Why Distributed Caching Matters for High-Traffic Systems
A single database read to PostgreSQL or MySQL takes 1–10ms. A Redis or Memcached read takes 0.1–0.5ms. At 100,000 requests per second, that difference is the gap between a responsive application and a crashed database.
Every major tech company relies on distributed caching at scale. Meta's TAO cache serves billions of social graph reads per second. Netflix caches personalization data in EVCache (built on Memcached) across multiple AWS regions to serve 260+ million subscribers. Twitter caches timelines in Redis to serve 500 million tweets per day.
The value is simple: memory is faster than disk, and a shared cache avoids the inconsistency of local per-server caches. When your application scales beyond a single server, a distributed cache becomes the coordination point for fast, consistent reads.
If you're building this foundation from scratch, the Grokking System Design Fundamentals course walks through caching alongside other core building blocks like load balancing and database replication.
The Four Core Caching Strategies
Every caching pattern answers one question: who keeps the cache and database in sync?
1. Cache-Aside (Lazy Loading)
The application owns all cache logic. On a read, the app checks the cache first. On a miss, it queries the database, writes the result to the cache, and returns. On a write, the app updates the database and either invalidates or ignores the cache entry.
def get_user(user_id): # Step 1: Check cache cached = redis.get(f"user:{user_id}") if cached: return deserialize(cached) # Step 2: Cache miss — query database user = db.query("SELECT * FROM users WHERE id = %s", user_id) # Step 3: Populate cache with TTL redis.setex(f"user:{user_id}", 3600, serialize(user)) return user
When to use it: Read-heavy workloads where stale data is tolerable for short windows. This is the default pattern for most web applications.
Trade-off: The first request after a miss or expiration is slow (cold start penalty). Data can be stale between the write to the database and the next cache refresh.
2. Write-Through Cache
Every write goes to the cache and the database synchronously before the write is acknowledged.
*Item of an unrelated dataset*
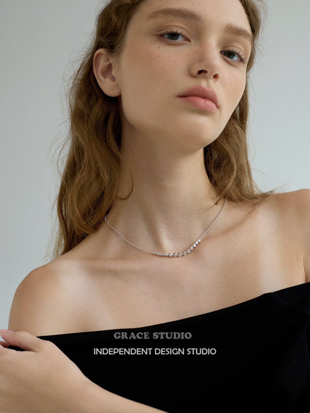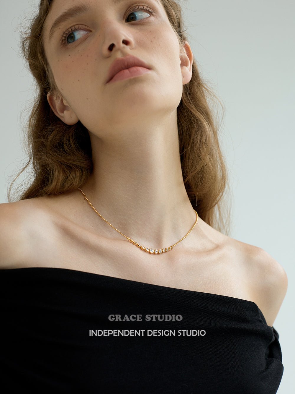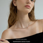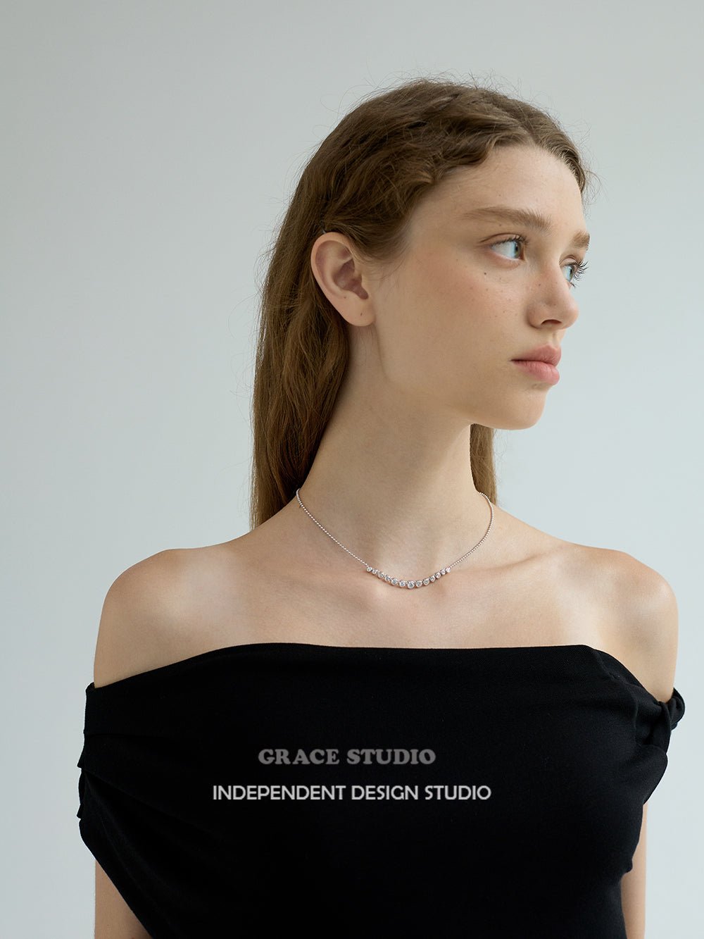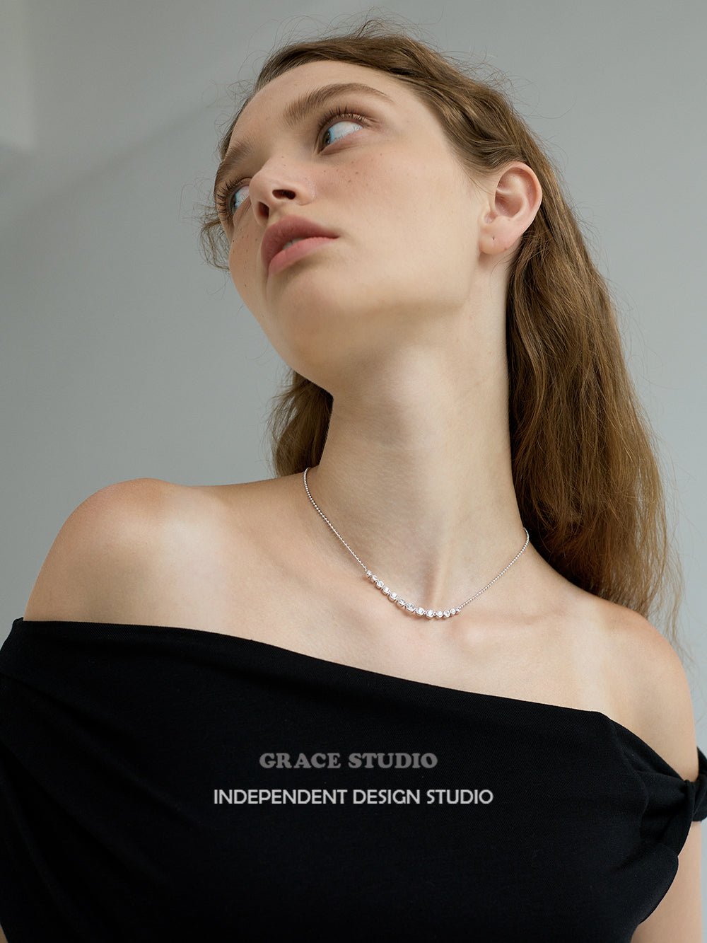 Elegant and refined, this pendant necklace features a graceful arc of high-quality zircons in gradually descending sizes, forming a soft tapered curve across the neckline. The brilliance of each stone is framed in a bezel setting and strung on a fine ball chain in either rich 18K gold-plated or platinum-toned sterling silver. Designed to rest gently along the collarbone, it adds understated sparkle to day-to-night ensembles. Includes a 5cm extender for easy layering and versatile styling.

The cache always contains the latest data.
When to use it: Systems where read-after-write consistency is critical, like shopping carts or account balances.
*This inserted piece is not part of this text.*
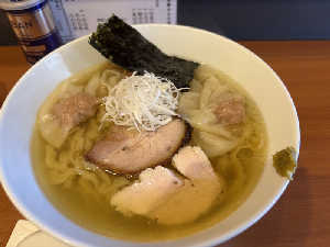 トッピングワンタン。 塩ラーメンも美味しい。 2時間近く並んだ

Trade-off: Higher write latency because every write hits two systems. Cache fills with data that may never be read.
3. Write-Behind (Write-Back) Cache
Writes go to the cache immediately and are asynchronously flushed to the database in batches. The application gets fast write acknowledgment.
When to use it: Write-heavy workloads like analytics event ingestion or activity logging where brief data loss on cache failure is acceptable.
Trade-off: Risk of data loss if the cache node crashes before flushing. Adds complexity with background flush workers and retry logic.
4. Read-Through Cache
The cache itself is responsible for loading data on a miss — the application never talks to the database directly for reads. The cache acts as the primary read interface.
When to use it: When you want to decouple the application from data-fetching logic, common in CDN architectures and some ORM frameworks.
Trade-off: Tightly couples your caching layer to your data model. Harder to debug because the fetch logic lives inside the cache abstraction.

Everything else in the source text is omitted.